I nodded, and I caught a smirk on Todd—
She wear it to the shower? And to bed?—
while Jesse sucked his chocolate milk and Brad
was getting ready for another stab.
I said, Hand me that ketchup packet there.
And Nick said, What? I snatched it, twitched the tear,
and squeezed a dollop on my thumb and worked
circles till the red planet entered the house of war
and on my forehead for the world to see
my third eye burned those schoolboys in their seats,
their flesh in little puddles underneath,
pale pools where Nataraja cooled his feet.
 
 
Ode to a Drone
 
Hell-raiser, razor-feathered
riser, windhover over
Peshawar,
 
power’s
joystick-blithe
thousand-mile scythe,

proxy executioner’s
proxy ax
pinged by a proxy server,

winged victory,
pilot cipher
unburdened by aught

but fuel and bombs,
fool of God, savage
idiot savant
 
sucking your benumbed
trigger-finger
gamer’s thumb
 
 
His Love of Semicolons
 
The comma is comely, the period, peerless,
but stack them one atop
the other, and I am in love; what I love
is the end that refuses to stop,
the promise that something will come in a moment
though the saying seem all said;
a grammatical afterlife, fullness that spills
past the full stop, not so much dead
as taking a breather, at worst, stunned;
the sentence regroups and restarts,
its notation bespeaking momentum, its silence
dividing the beats of a heart;

Author

© Ami B. Majmudar
AMIT MAJMUDAR is a diagnostic nuclear radiologist who lives in Westerville, Ohio, with his wife and three children.

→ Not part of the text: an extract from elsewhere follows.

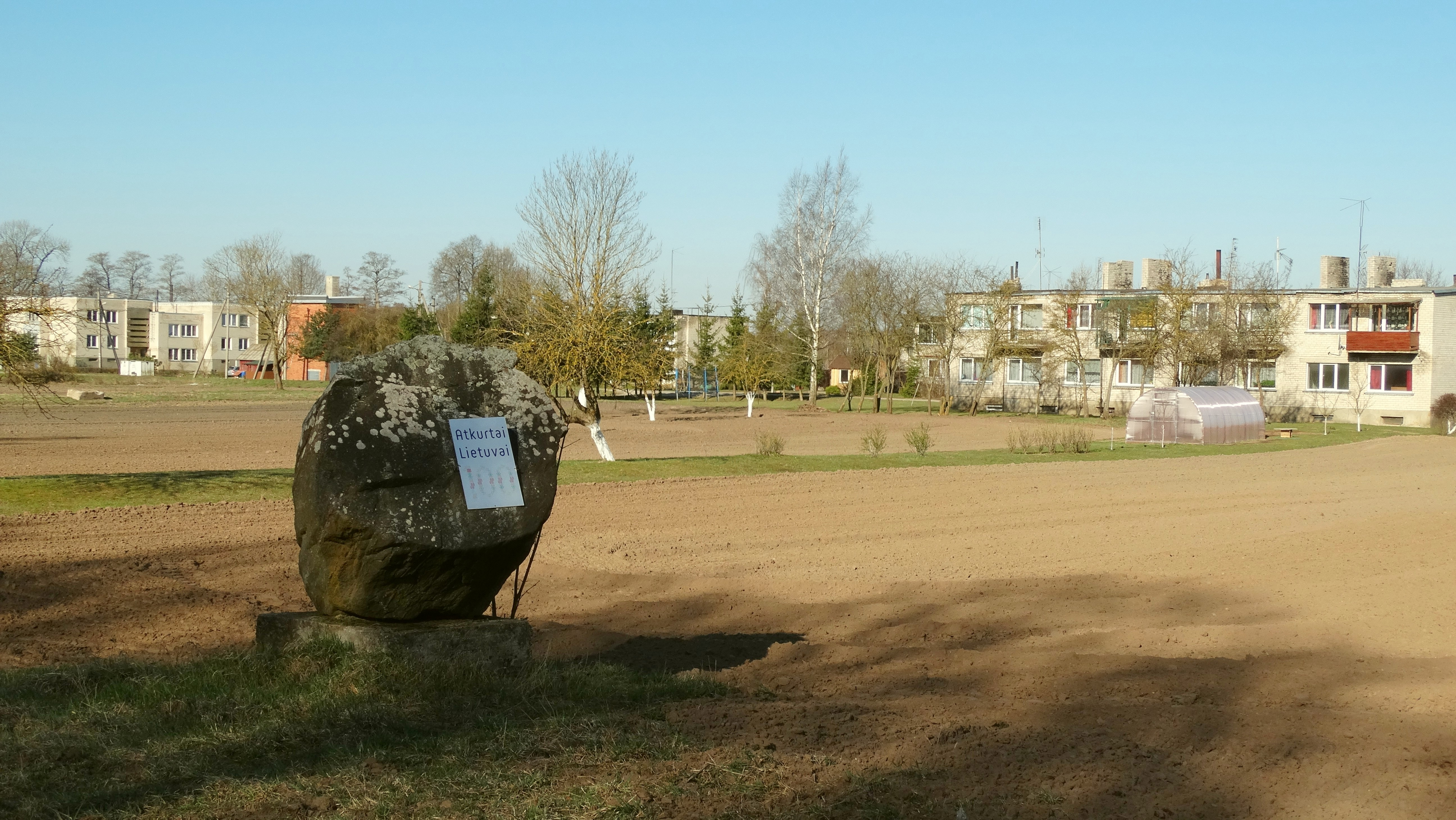 Daugėlaičiai, Radviliškis district, Lithuania

He is the author of four volumes of poetry, most recently What He Did in Solitary. His first collection, 0°, 0°, was a finalist for the Poetry Society of America's Norma Farber First Book Award; his second, Heaven and Earth, was selected for the 2011 Donald Justice Prize. His work has appeared in The New York Times, The New Yorker, Best of the Best American Poetry, and many other places, including the eleventh edition of The Norton Introduction to Literature. He blogs for The Kenyon Review and is also a critically acclaimed novelist.